Matcha tea has a significant amount of dietary fiber and practically no calories. With its abundance of these vitamins and compounds, it is also said to:
- Protect against many kinds of cancer;
- Can slow or halt growth of cancer cells;
- Protect against cardiovascular disease;
- Slow the aging process;
- Boost metabolism;
- Reduce LDL “bad” cholesterol;
- Stabilize blood sugar levels;
- Help reduce high blood pressure; and
- Boost resistance to many toxins.
This still doesn’t explain to me how something commercially bottled, and (let’s be honest here) containing a much lesser quality and quantity of the desired Matcha tea powder is flying off the shelves…
Body Builders, heath and fitness gurus and those who practice meditation rituals all swear that Matcha is essential to reaching their peak potential because:
- Japanese tea leaves (those used to produce Matcha powder) grow in the shade to increase chlorophyll content. These chlorophyll-rich leaves are then handpicked, steamed, dried and ground into a fine green powder;
- Chlorophyll is purported to detoxify the body of toxins, heavy metals, poisons, dioxins and hormone disrupters;
- Matcha contains three times the caffeine as coffee but without the jittery buzz, instead inducing an “alert calm” due to it’s naturally derived l-theanine, which relaxes without drowsiness;
- One cup of Matcha green tea has as many antioxidants as 10 cups of regular tea
- A 2003 University of Colorado study confirmed that drinking 1 cup of matcha green tea has 137 times the amount of antioxidant EGCG compared to a conventional cup of green tea;
- Matcha green tea possesses antioxidant levels 6.2 times that of goji berries, 7 times that of dark chocolate, 17 times that of wild blueberries and 60.5 times that of spinach;
- Matcha, when combined with meditation, contributes to the health and weight loss benefits – reduces cortisol (a stress hormone that drive appetite and increases belly fat), lowers inflammation (tied to premature aging and disease), curbs impulsive eating, lowers blood pressure, and boosts self-esteem;
- Matcha green tea contains up to 5 times more L-theanine than conventional green tea and increases Alpha wave activity in the brain.

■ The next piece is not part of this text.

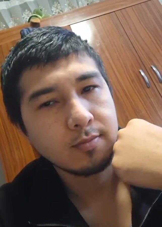 A close-up shot shows a man with short dark hair, a thin goatee, and dark eyes, wearing a black zip-up jacket. His right hand is resting on his chin. He briefly touches his hair on his forehead. Behind him is a wooden cabinet with metal handles and a white curtain with a floral pattern at the top of the frame. A small green stuffed toy sits atop the cabinet. The camera angle is slightly tilted upward.
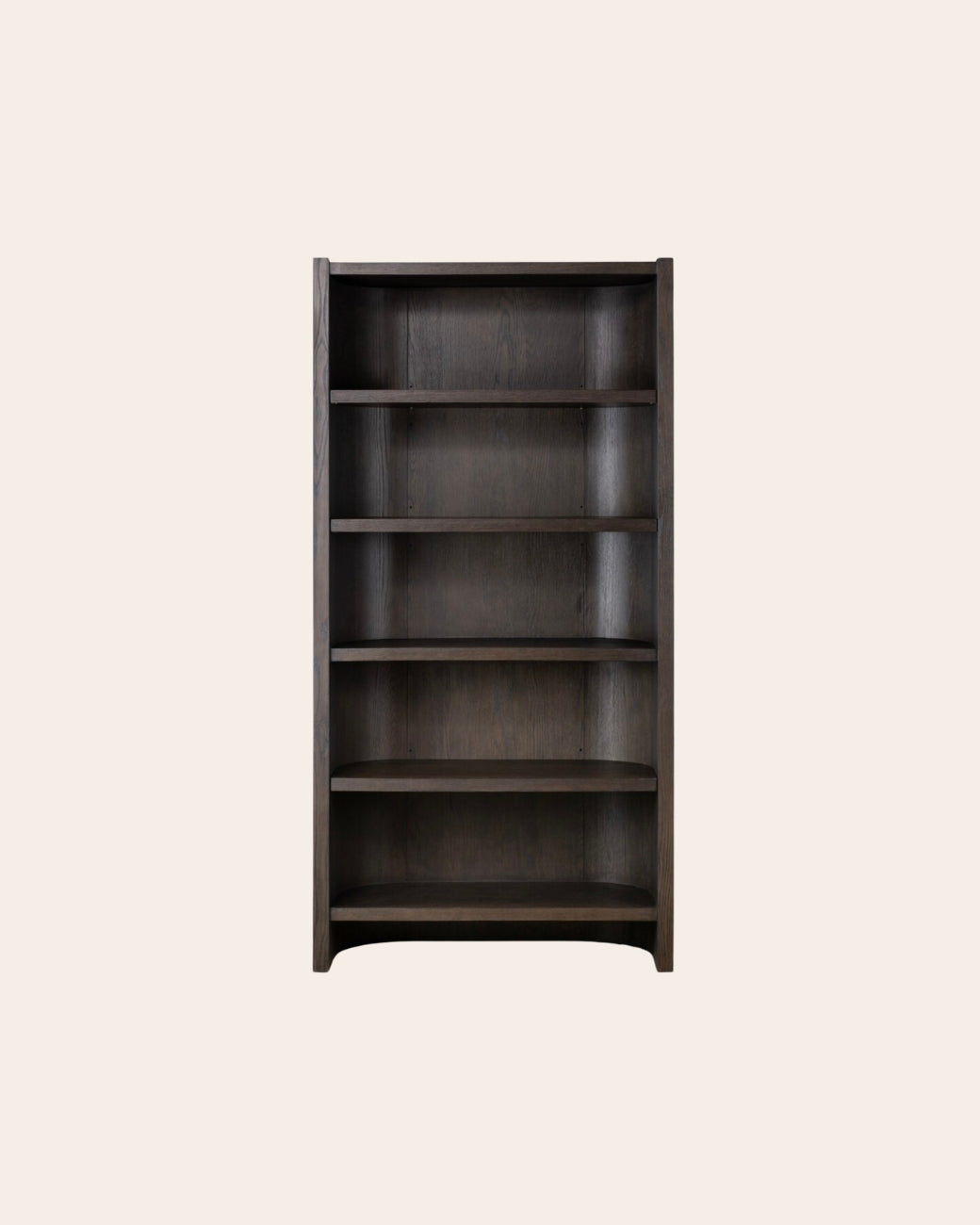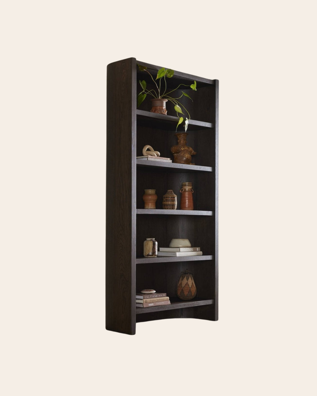 Rounded corners bring a refined touch to this transitional bookcase. A rubbed black finish reveals solid oak's brown undertones, giving the silhouette a nod to heritage style.

Stress is known to induce the brain’s Beta wave activity, leading to a more agitated state. Alpha wave activity can relieve stress, promote relaxation and even lower blood pressure;
- Consuming green tea increases thermogenesis (the body’s rate of burning calories) from 8-10% to 35-43% of daily energy expenditure;
- Exercising immediately after drinking Matcha green tea resulted in 25% more fat burning during exercise
Bodybuilding.com shakes their pom-poms for Matcha in their own unique way: “If you’re not drinking Matcha green tea yet, you’re behind the times! Get with the program and try this metabolism-enhancing, stress-reducing, immune-boosting, cholesterol-lowering, teenage-mutant-ninja cancer fighter!”
Health Magazine warns that the taste of Matcha is strong, sometimes described as grassy or spinach-like. This explains why it is often watered down and/or sweetened, and even added to foods to improve it’s taste. To avoid the grassy taste do not add Matcha green tea powder to boiling water. Boil the water and let it sit for 5 minutes before adding the tea.
So, I’m convinced enough by the purported benefits to give this a try. One area in particular that appeals to me is that I have difficulty sleeping at night and it could be due to my consumption of green tea, but not the Matcha variety.
Quality is important if you want the reported results, and quality doesn’t come cheap. High quality, fresh, pure Matcha is expensive. A low price tag can be a red flag for a poor quality product, and, as with anything that is touted as the newest trend, it can be overdone, so ingest it in moderation.